Заполье. Книга вторая - Краснов Петр Николаевич "Атаман" 21 стр.


41

Мать спала, наверное, - одна, на старой, ее костистым, тяжелым телом продавленной кровати, в избенке на глинистом, разъезженном косогоре к речушке их, Мельнику, вода которого от долгих дождей была давно мутна и ледяна. Спала тяжелым от дневных трудов, старчески неспокойным уже и настороженным от недоверия к жизни сном; забывшись, всхрапывала порой, но тотчас замолкала, будто вслушиваясь, не пропустила ль чего, не сдвинула ль ненадежного равновесья ночи, душной избяной тишины ее, пересыпаемой смутной иногда сторожкой дробью в стекла, тревожимой глухими вздохами ветра за стеной. Осенняя ночь облегла все, пути перекрыла, сиротские в себе приютила поля, перелески обобранные, к самым окнам человеческих жилищ подступив и приникнув мокрыми бездонными глазами - своим забвеньем милосердным наделяющая каждого в меру усталости его, в меру дневной суровости бытия, его холодно испытующих, невыразимо блеклых порою и твоего вовек не разумеющих глаз.

Что снилось ей? Картошка, наспех спущенная в погреб, порядком так и не перебранная? С полузабытым, с недвижным каким-то, на давних фотокарточках такие бывают, лицом сын первый, Василий, лихолеток, совсем сшедший с круга, как пошел опять походом кабак на Русь, с цепи спущенный? Чуть уж не полтора десятка лет как птиц божьих кормит она в Троицыну субботу, и подаянья на помин души не подай, нельзя, сам себя решил, хорошо хоть строгостей прежних нет - на могилках похоронен, в ограде. Или муж с насквозь застуженным нутром, недолго протянул после войны, шилом сыромятную упряжь ковыряя в темной хомутной, сгас - он, незапамятный, привиделся? Или, может, снится запруженный подводами майдан перед лавкой - он, магазин, и нынче там, - и как бабы в голос кричали, в который раз перед железным ликом назначенной им кем-то судьбы, как мужиков даже корежила слеза, а им, детишкам, все вроде ничего, страшно только и жалко всех, остающихся не меньше, чем отъезжающих, и как сельсоветский писарь считал их, из кучешки перегонял в кучешку; а потом дорога эта, не всех раскулаченных доставившая до места, холодные стогны чужих селений, немилые сердцу и ему больные пространства те хмурые по-за лесами, те давние… Много чего сниться могло, ей не, прикажешь, выпущенной протоптаться, в свободу забытья отпущенной ненадолго своей душе, где и что навестить там, в своем, к какому приклониться холмику - много их, так много, что и не хватает ее, порой кажется, души.

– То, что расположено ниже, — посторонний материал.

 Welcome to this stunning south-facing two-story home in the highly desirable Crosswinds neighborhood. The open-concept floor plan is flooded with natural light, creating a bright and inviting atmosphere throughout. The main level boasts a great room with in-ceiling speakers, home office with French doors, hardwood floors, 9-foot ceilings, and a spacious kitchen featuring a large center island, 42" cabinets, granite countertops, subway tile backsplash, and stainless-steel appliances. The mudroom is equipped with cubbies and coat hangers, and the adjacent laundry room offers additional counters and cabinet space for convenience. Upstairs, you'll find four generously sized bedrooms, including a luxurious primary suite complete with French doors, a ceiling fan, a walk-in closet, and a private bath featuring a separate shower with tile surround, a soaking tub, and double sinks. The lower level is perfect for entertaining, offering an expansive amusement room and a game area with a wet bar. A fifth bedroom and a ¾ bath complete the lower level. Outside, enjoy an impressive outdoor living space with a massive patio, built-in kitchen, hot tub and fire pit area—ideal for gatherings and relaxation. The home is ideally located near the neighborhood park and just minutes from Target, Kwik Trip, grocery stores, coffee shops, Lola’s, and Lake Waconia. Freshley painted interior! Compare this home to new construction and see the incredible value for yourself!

На все не хватает, да так с нехваткой души и живет человек, уж очень велика у него, длинна жизнь, по ноздри; только и осталось что на второго, младшего, да еще на внучку, которую всего-то и видела разок, больше не позволили, - его видит душа? Один теперь там, в городу, разведенный, неухоженный, в последний раз приезжал - смутный, весь как посоловелый, скажи, и с лица спал, позовешь - не слышит… Не испортился бы там. С подружкой приехал, знакомил: разведенка тоже, сын был, мать жива… ну, теперь что ни приведи - все ко двору, до кучи. А не худая, тело есть, ручки хоть небольшие, а сноровкие, все успевают; светленькая такая, самостоятельная и его, поглядеть, уважает - пусть… Его ищет душа и что-то не находит в потемках застарелых болей, позабытых лиц и - господи, прости, - вековечного все ж непониманья, кто это с нами творит такое, зачем и, главное дело, за что…

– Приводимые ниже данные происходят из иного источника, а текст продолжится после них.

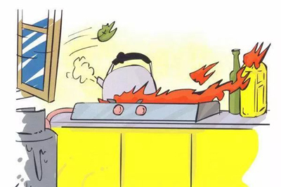 (四)油鍋起火不能用水撲救,關閉閥門,蓋上鍋蓋或用濕布覆蓋,還可以放入切好的蔬菜。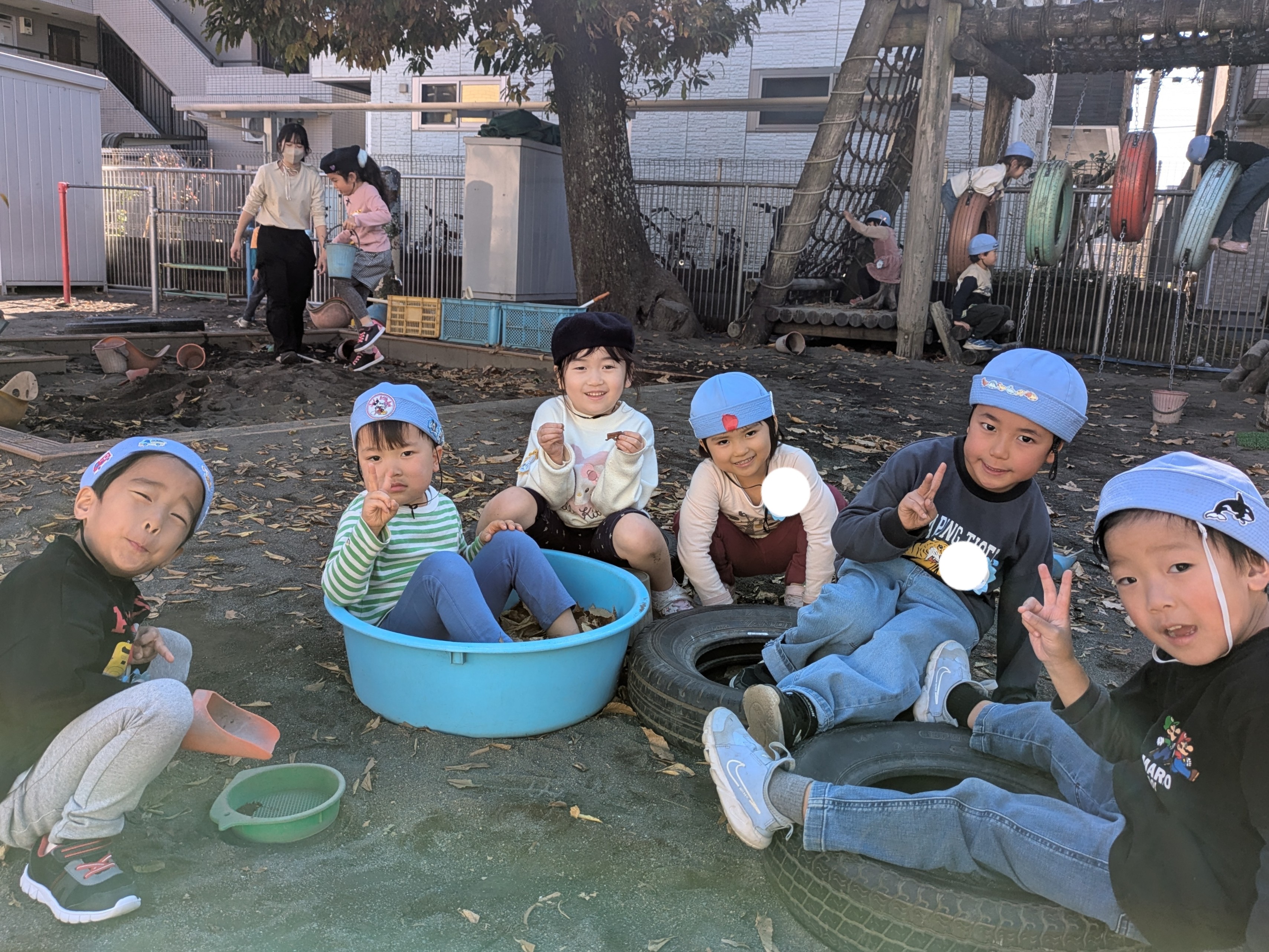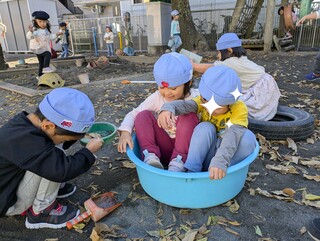園庭に落ちている葉っぱを集めて温泉を作り温まっていましたよ♨️砂と混ざらないようにふるいにかけてお湯作り☺️たんぽぽさんも温泉に来てくれて嬉しかったね!mh

И дочка спала, для старухи где-то затерянная в городе огромном, смутном внучка, годик с небольшим всего, - спала, еще только пробуждавшаяся от сладких снов младенчества, где и обиды-то пока не распутались с радостями, неделимо сейчас на них существованье, и где явное в ней чуть не вслух тайной ангельской бредит, миру выговорить ее пытается - который не слышит. Розового прижала к себе зайца, нежным жаром тельца холод жизни вокруг себя растопив для тебя, отца, запахом родным размягчив, и на щечке ее заспанной запечатлено больше, может, чем во всех тобой прочитанных человеческих книгах, в знаниях, никого не спасающих, спасительного не дающих утоления, искупленья неполной твоей душе; и в детские сны ее, осененные всеми в свете чудесами, приходят деревья и дома, небо входит, вмещается все оно, и огромная добрая собака соседская опять лижет ей, замирающей от счастливого страха, шершавым своим языком ладошку… Неужто ж есть оно, счастье? Оно что, дурацкий этот розовый заяц, дитя отечественного ширпотреба, которого любишь и ты, потому что любит его она?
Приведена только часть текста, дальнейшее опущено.